---
name: Cost Observability and Monitoring
description: Techniques for gaining visibility into cloud spending, attributing costs to business units, and detecting financial anomalies.
---

# Cost Observability and Monitoring

## Overview

Cost Observability is the practice of extending traditional system observability (logs, metrics, traces) to include **Financial** data. It allows engineering teams to answer not just "Is the system healthy?" but "Is the system cost-effective?".

**Core Principle**: "Total spend is a vanity metric; cost per unit of work is a performance metric."

---

## 1. Key Cost Metrics to Track

The goal is to move from **Macro** visibility (the bill) to **Micro** visibility (the request).

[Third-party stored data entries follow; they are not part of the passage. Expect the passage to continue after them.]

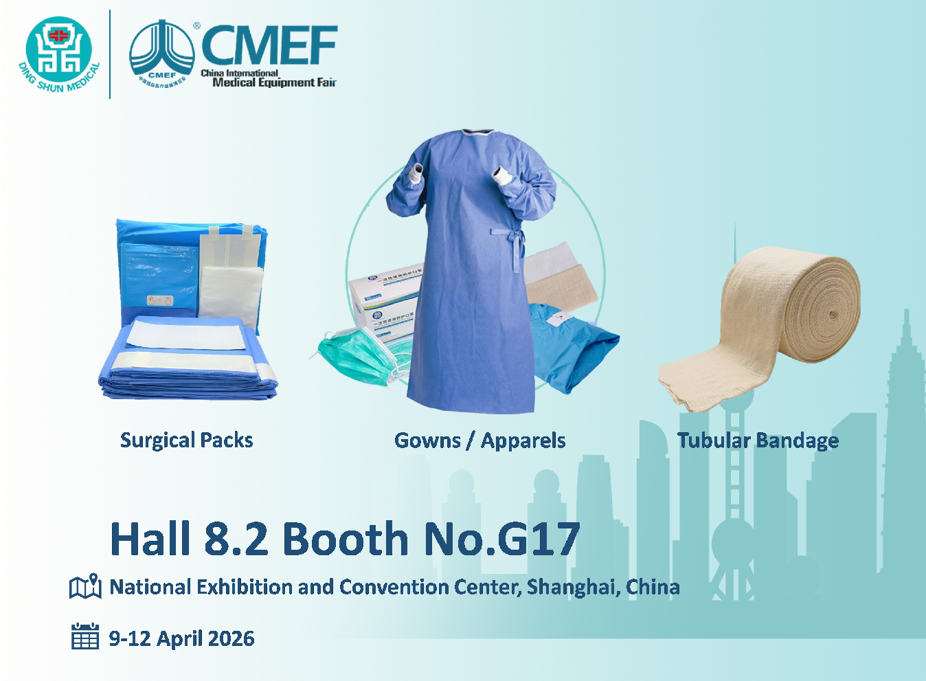 The company will showcase its Surgical Packs, Gowns/Apparels, and Tubular Bandage product lines at Hall 8.2, Booth No. G17. The event takes place at the National Exhibition and Convention Center in Shanghai.
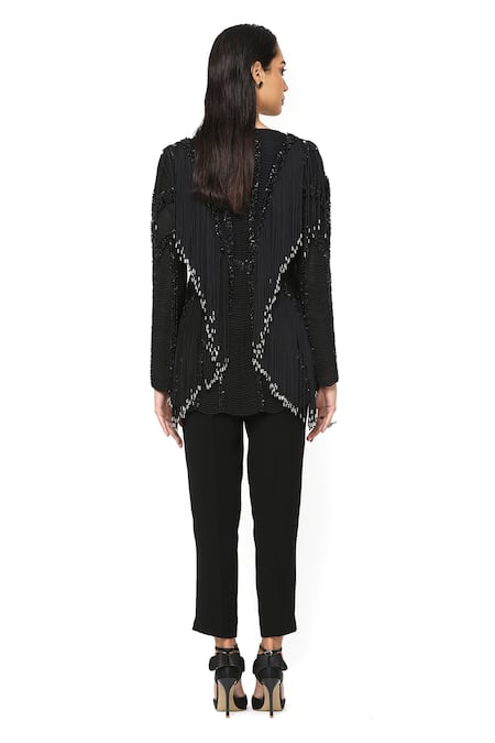 Buy_Rohit Gandhi + Rahul Khanna_Black Satin Fringe V-neck Full Sleeve Jacket _Online_at_Aza_Fashions
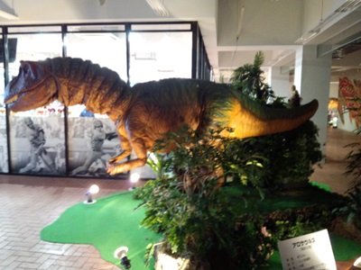 なんと本物の恐竜かとおもわんばかりの精巧な恐竜たちが!しかも動いています!ひょっとして、、、ウォーキングwithダイナソーの関係でしょうか?こちらには3体いました!球場入り口にもう一体いたそうです。
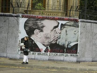 La embajada alemana en España cubre el perímetro de su sede diplomática con una lona que imita el Muro, en el 20 aniversario de su caída
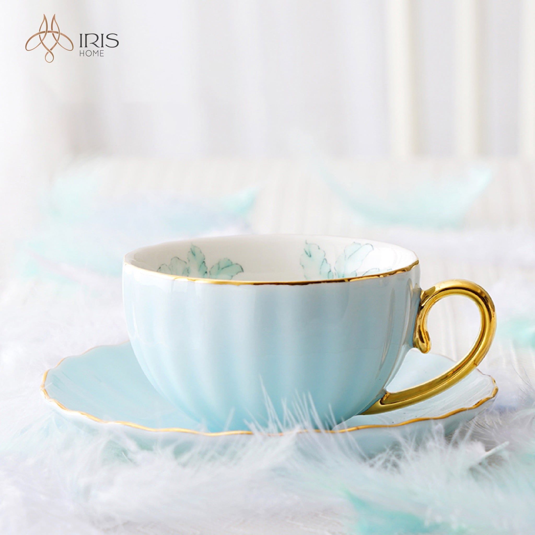 Tên: Sứ tráng men xanh bóng, chi tiết vàng vẽ tay 1000ml
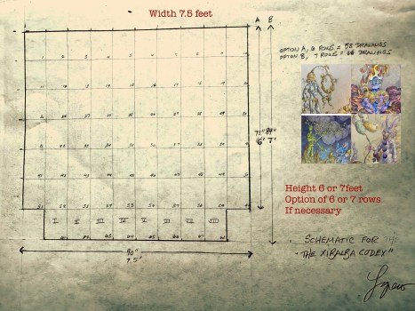 schematic for hanging the 68 drawings of The Xibalba Codex
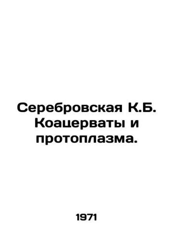 Serebrovskaya K.B. Coacervates and protoplasma. In Russian /Serebrovskaya K.B. Koatservaty i protoplazma.Rev. editor A.I. Oparin. Artist V.E. Gorin. Order of Lenin Institute of Biochemistry named after A.N. Bach of the Academy of Sciences of the USSR. M. Science 1971.We have thousands of titles and often several copies of each title may be available. Please feel free to contact us for a detailed description of the copies available. SKUalbafdca3626832e8d6.
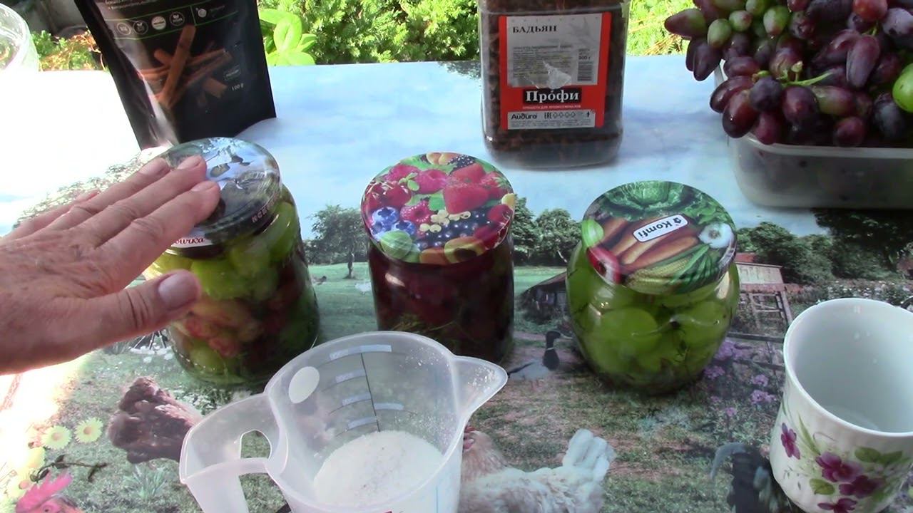 Яндекс Дзен - https://dzen.ru/id/620b3fd678237536da3a759a RuTube - https://rutube.ru/channel/24746918/ В контакте https://vk.com/serdukov1974/ Рецепт: Виноград - 1 кг Листья смородины, вишни, тимьян, розмарин по вкусу Смесь 4 перцев по 5 горошин на банку Лавровый лист - 1 шт. Бадьян - 1 звездочка на банку Кориандр семена - 1 щепотка Корица 1 палочка на 3 банки Маринад на 1 литр воды: Сахар - 150гр Соль 1/2 ч. ложки Уксус 9% -70 мл(3 столовые ложки)

| Metric | Level | Purpose |
| :--- | :--- | :--- |
| **Total Monthly Spend** | Executive | General budget health. |
| **Cost per Service** | Engineering | Identify inefficient microservices. |
| **Cost per Customer (Unit Cost)**| Product | Calculate per-account profitability. |
| **Cost per Request** | Engineering | Measure efficiency of application code. |
| **COGS (Cost of Goods Sold)** | Financial | The base cost to deliver the service. |

---

## 2. Cost Attribution and Tagging Strategy

Attribution is impossible without consistent metadata.

### The Standard Tagging Schema
Every resource should have the following "FinOps Tags":

1.  **`Environment`**: (e.g., `prod`, `staging`, `dev`)
2.  **`Service`**: (e.g., `auth-api`, `image-processor`)
3.  **`Owner`**: (e.g., `team-alpha`)
4.  **`Project`**: (e.g., `project-phoenix`)
5.  **`TenantID`**: (If using siloed resources per customer)

### Enforcement Policy (Terraform/OpenTofu)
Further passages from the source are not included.